Over the weekend, I read about how the Farmington Hills police department will conduct a legal review after photographs showing shooting targets with the images of Black men on them were taken at the department’s practice area. We never hear about white men’s faces being used as target practice by cops – even though statistically they are more likely to engage in mass shootings than men who look like Jayland Walker and me. If some can’t listen to Black people when we say law enforcement has put a target on our backs, listen to the cops.

Bobby DiCello, a lawyer for the Walker family, took issue with how Jayland had been portrayed by some media in a news conference, telling the New York Times, “They want to turn him into a masked monster with a gun.” Meanwhile, Crimo, a suspected mass murderer, is receiving the kind of favorable media narratives only afforded to white men.

In an interview with CNN, Highland Park mayor Nancy Rotering said she knew the suspect years ago when she was his Cub Scout pack leader. “Many years ago, he was just a little boy, a quiet little boy that I knew,” Rotering said. “It breaks my heart. I see this picture and through the tattoos, I see the little boy. I don’t know what got him to this point.”

These events, all happening within such a short amount of time, tell us much about the state of our nation: That it is violent, angry, and trigger-happy.
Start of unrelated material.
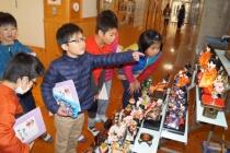 雛飾りの前で、子どもたちが、「あかりをつけましょ、ぼんぼりに・・・・・」と、歌「うれしいひなまつり」を歌いながらながめていました。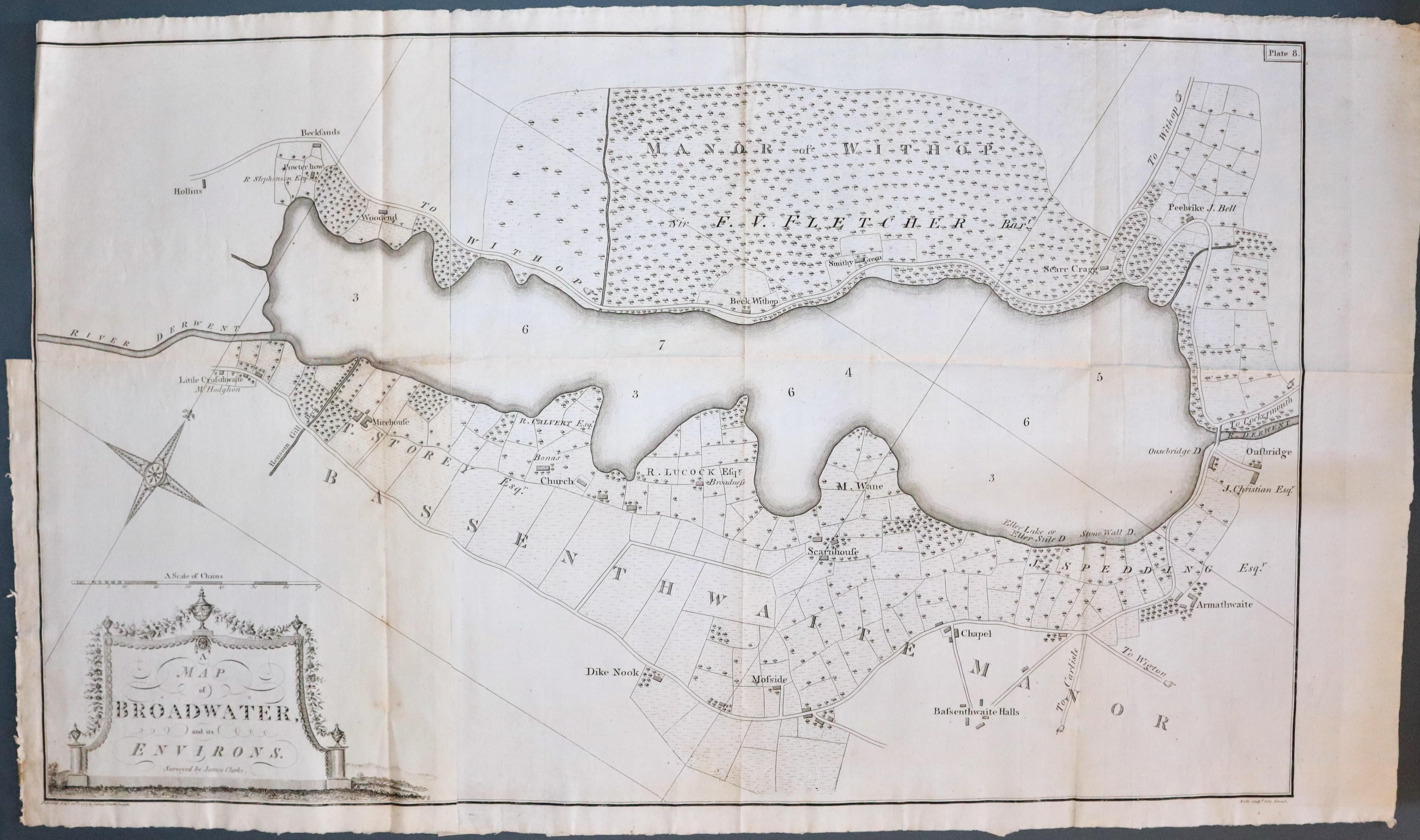 An interesting late 18th century engraved map of when Bassenthwaite Lake was known as Broadwater. The name of the surveyor James Clarke appears at the bottom of the rococo title cartouche. The map shows the area in gret detail with the roads and names of the landowners. This is Plate 8 of a series of 11 maps of the Lake District by James Clarke. Decrative compass rose beneath which is a scale in chains. Section of the left hand margin missing which is common owing to how the map was bound into the volume. The right hand blank margin is very wide so part could be used to repair the left hand margin. 30 1/4 x 18 1/4 inches. Uncoloured. Three vertical fold creases and one horizontal as published.

That we can’t count on police to keep us safe from mass shootings and many of the angry young white men behind them. That if you are a Black man, you are still potentially just one traffic stop away from death.

My condolences to all of us who have to live in this nightmare – particularly those who have to fear cops just as much as they do mass shootings. We know that no matter where we go in the United States of America, the environment will be far from apolitical.